__EXERCISE REQUIREMENTS__. Your answer must be the exact lines of the listing below that run from the line with "3年生といっしょに団体演技の" to the line with "今年のクリスマスは、一輪車でプレゼントを運ぶキツネ。", ends included, and no pictures.

__TASK INPUT__.
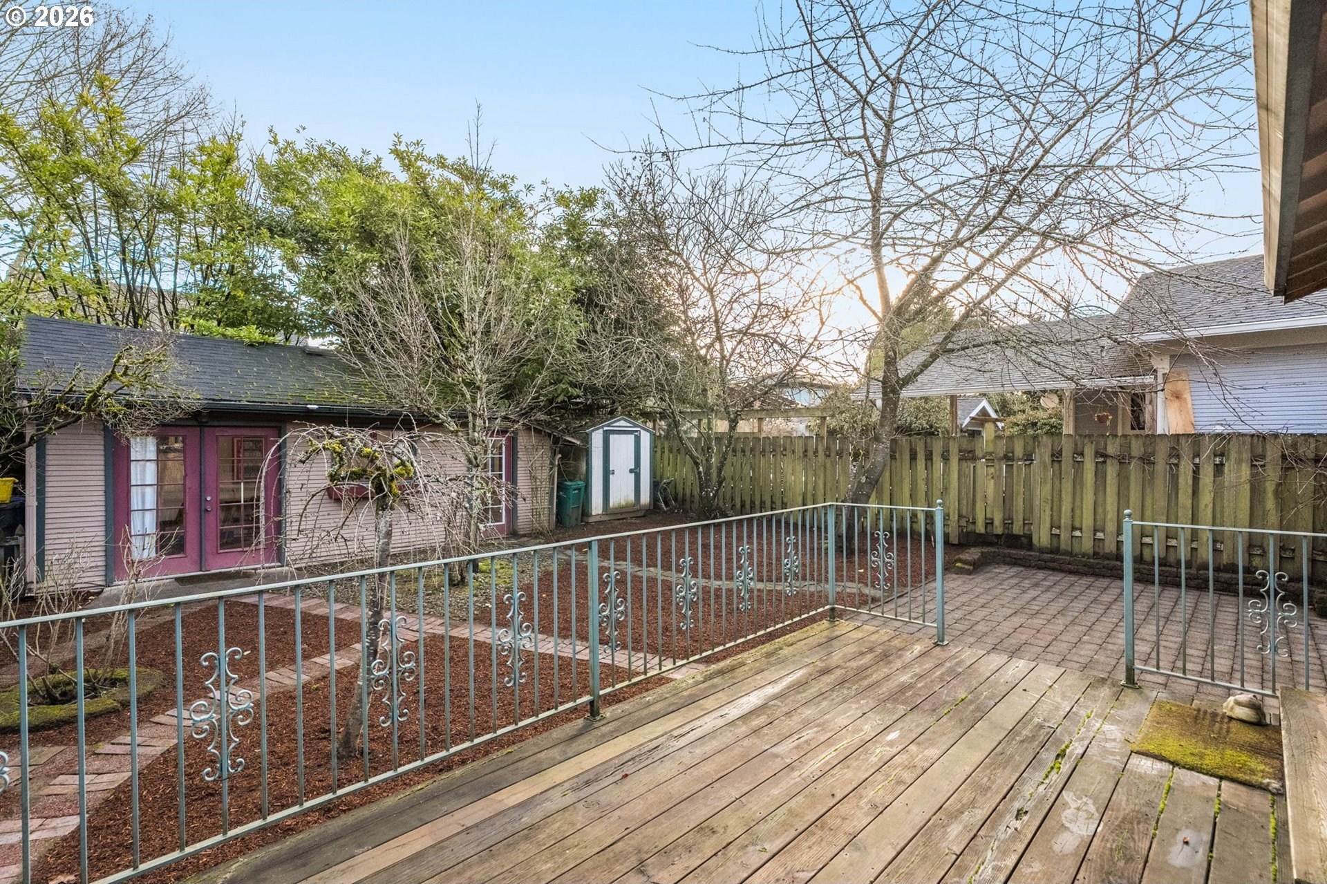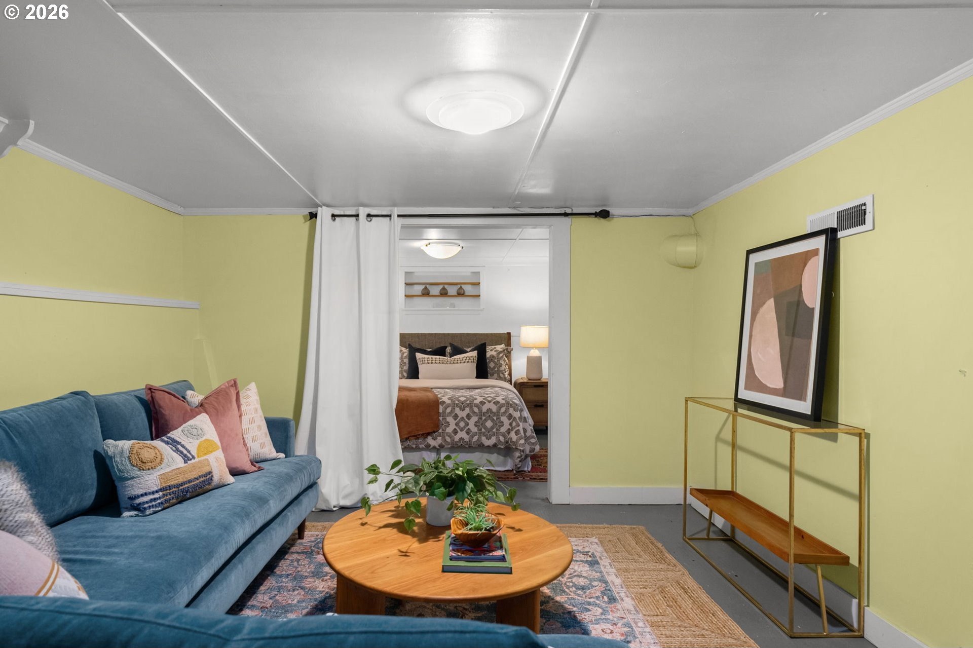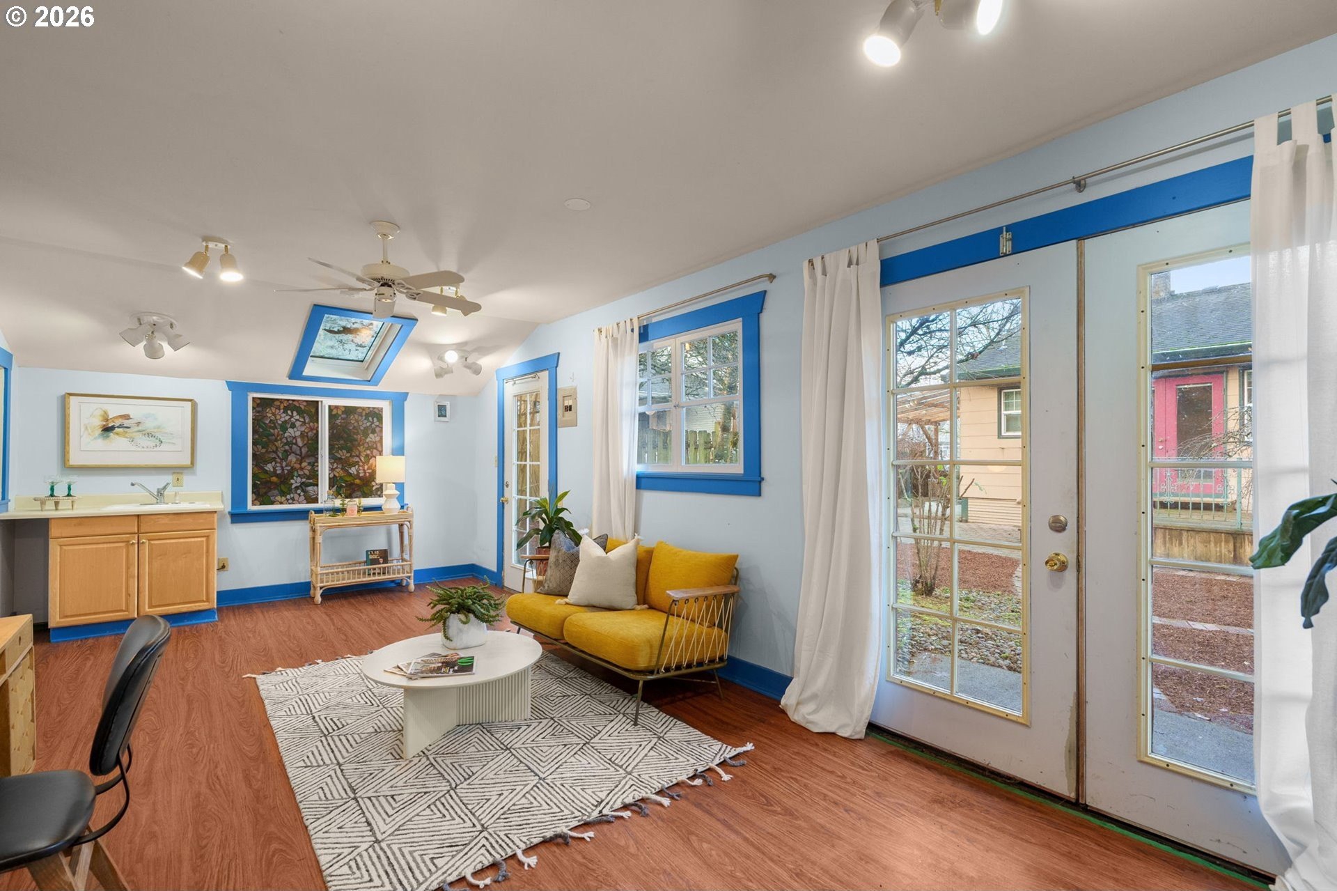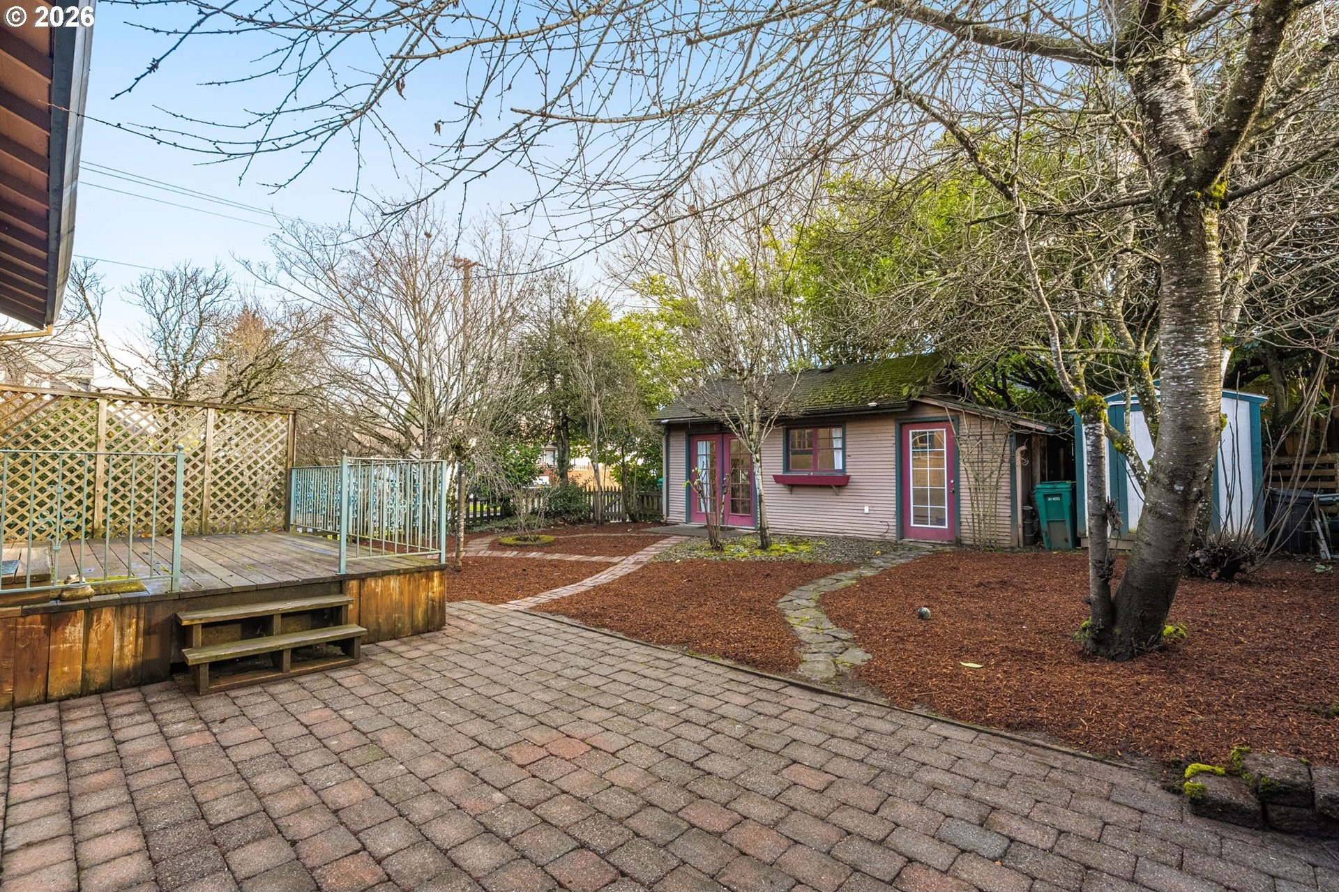 Perfectly perched on a sunny corner lot with a detached studio just one block from NE Fremont Street, this home delivers the ultimate Portland lifestyle. From here, you can easily stroll to the most vibrant stretch of Fremont Street, surrounded by beloved cafes, local shops, and neighborhood favorites. The setting alone makes a statement- central, connected, and full of character - truly living up to the mantra of location, location, location!Inside, a charming living room sets a warm and inviting tone, anchored by a cozy gas fireplace. To the right, a stylish kitchen flows seamlessly into the dining area, creating an ideal space for everyday living. Just off the living room, the main-level bedroom is filled with natural light and features double doors that open to the deck and backyard, paired with a full bathroom for comfort and privacy. Out back, a cool art and artist studio adds a creative touch and unique flexibility.Downstairs, the basement offers even more versatility with a generous flex space perfect for a home office, media room, or gym. A second bedroom, half bathroom, and exterior access make this level well-suited for guests or extended living. Thoughtfully laid out and rich with character, this home blends function, creativity, and an unbeatable location! [Home Energy Score = 5. HES Report
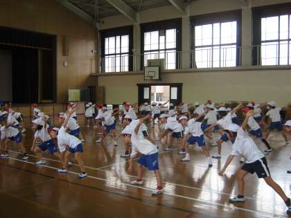 3年生といっしょに団体演技の練習を始めました。残暑厳しい体育館で、ダンスの練習をしています。
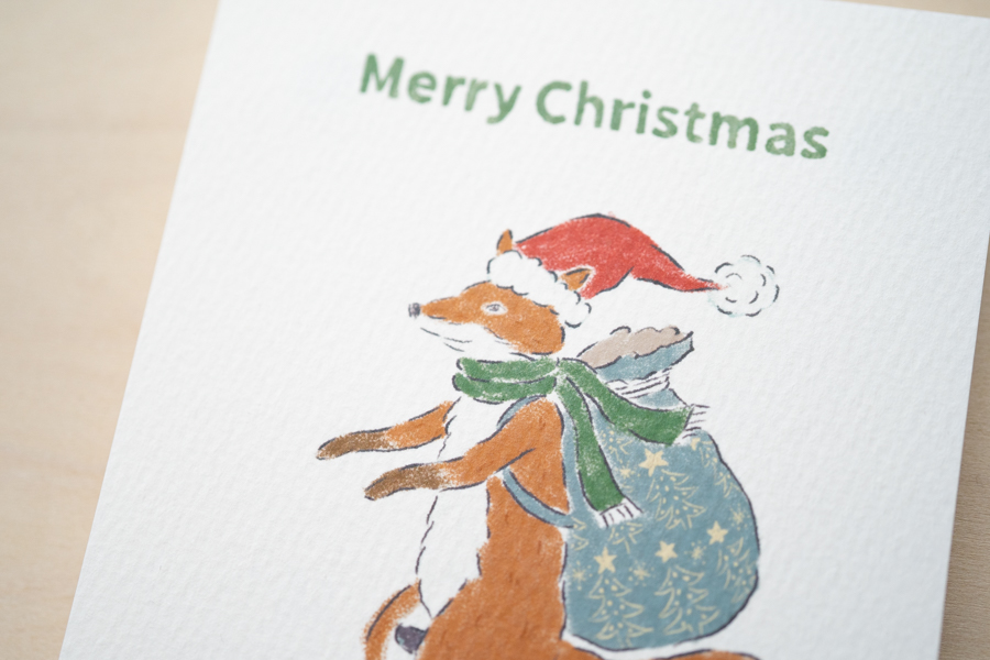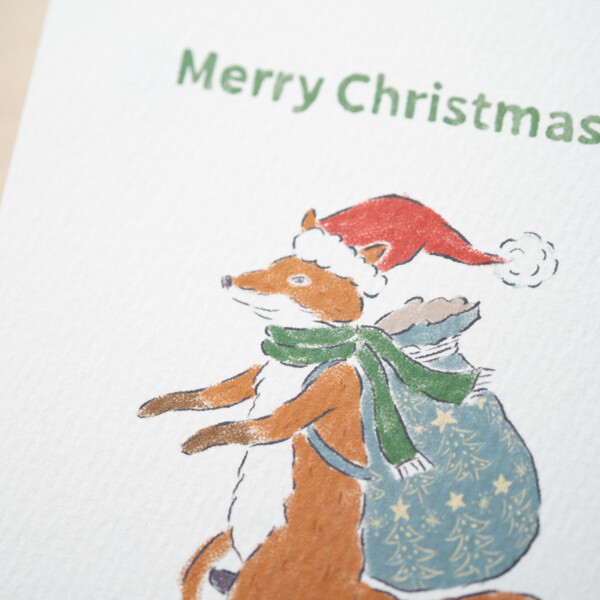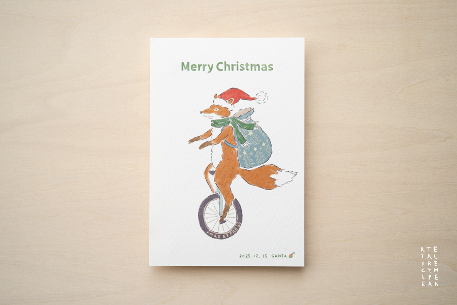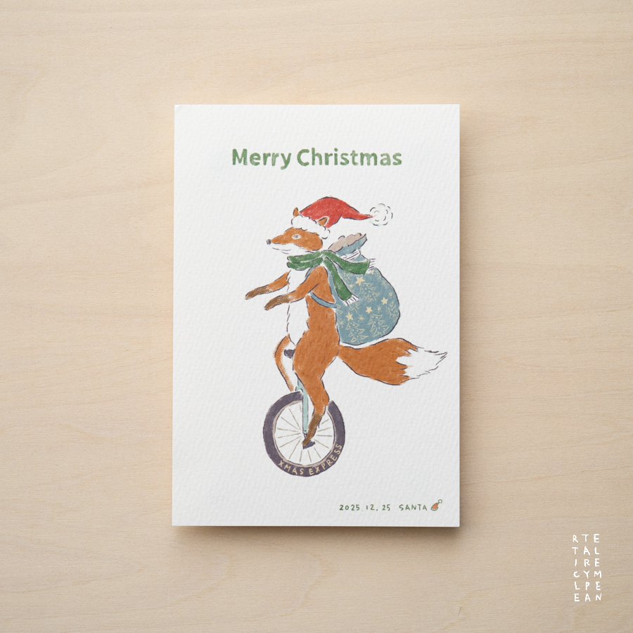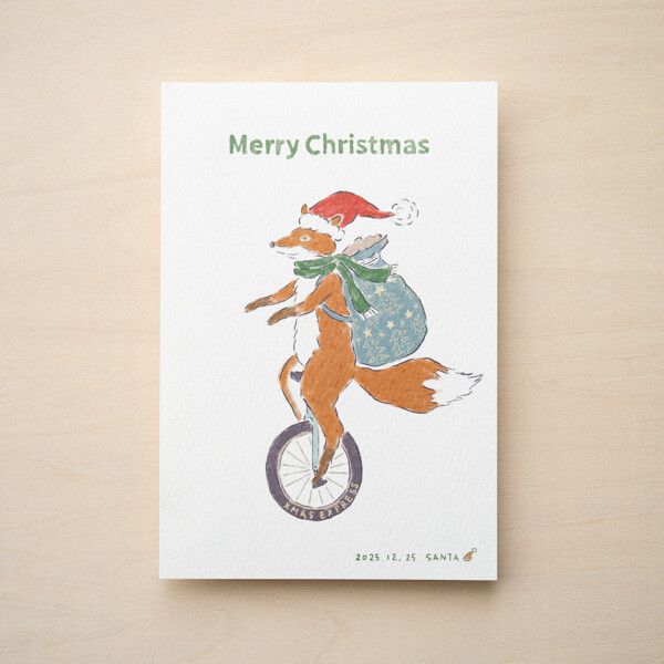 今年のクリスマスは、一輪車でプレゼントを運ぶキツネ。
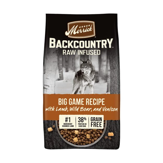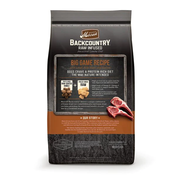 Feed your furry guy the nourishment he needs with Merrick Backcountry Raw Infused Grain Free Dry Dog Food Big Game Recipe. This freeze-dried dry food for dogs features real deboned beef as the very first ingredient. It’s combined with lamb and rabbit in a protein-rich and highly-digestible formula. This grain and gluten-free dry dog food contains freeze-dried raw-coated kibble and freeze-dried raw bites to give your buddy all the benefits of a raw diet. It’s developed with high levels of omega fatty acids to help promote healthy skin and a shiny coat while glucosamine and chondroitin support hip and joint function. It’s paw-fect for helping all breeds of adult dogs build healthy muscles and maintain a high level of energy throughout the day.
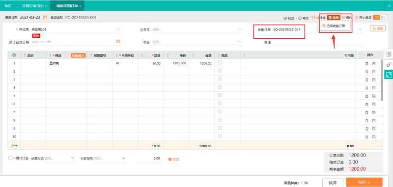1、 客户下单填写销售订单,根据签订的销售合同,进行采购进货,采购订单上选择具体的销售订单(合同):
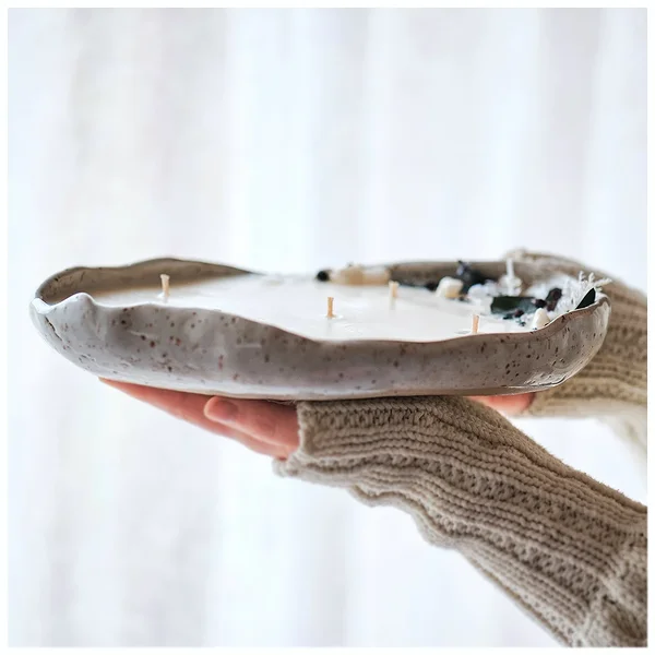 Küünal on kaunistatud stabiliseeritud hortensiaõite, eukalüptilehtedega– need on päris taimed, mille ilu ja värskus on spetsiaalse loodusliku töötluse abil säilitatud, et need püsiksid kaunid aastaid. Lisaks on veel kaunistuses kadakamarju ja kivikesi. Keraamiline kauss on valmistatud kõrgkuumusel põletamisel savist. Kaussi saab hiljem kasutada kööginõuna.
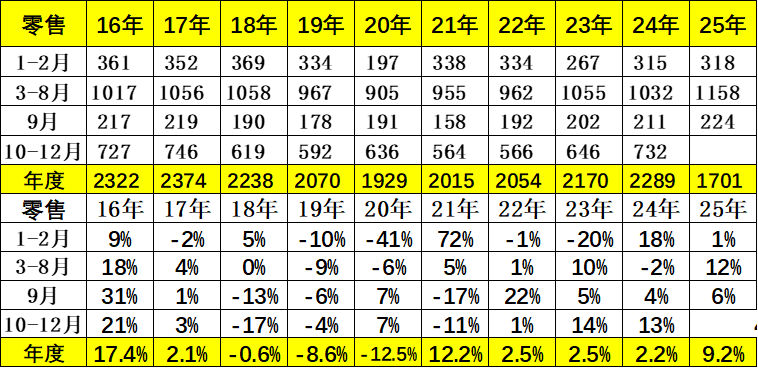 2024年乘用车国内零售前低后高,7-12月出现持续上升态势。2025年车市前低中高特征,1月由于春节前置等因素较弱,今年国内车市零售累计增速从1月的负12%持续拉升到1-6月的11%,7-9月呈现高基数的减速特征,市场走出“前低中高后平”的走势。今年7-9月的零售同比增长平稳,9月在高基数下表现较强。

__RESPONSE AREA__.
 3年生といっしょに団体演技の練習を始めました。残暑厳しい体育館で、ダンスの練習をしています。
 今年のクリスマスは、一輪車でプレゼントを運ぶキツネ。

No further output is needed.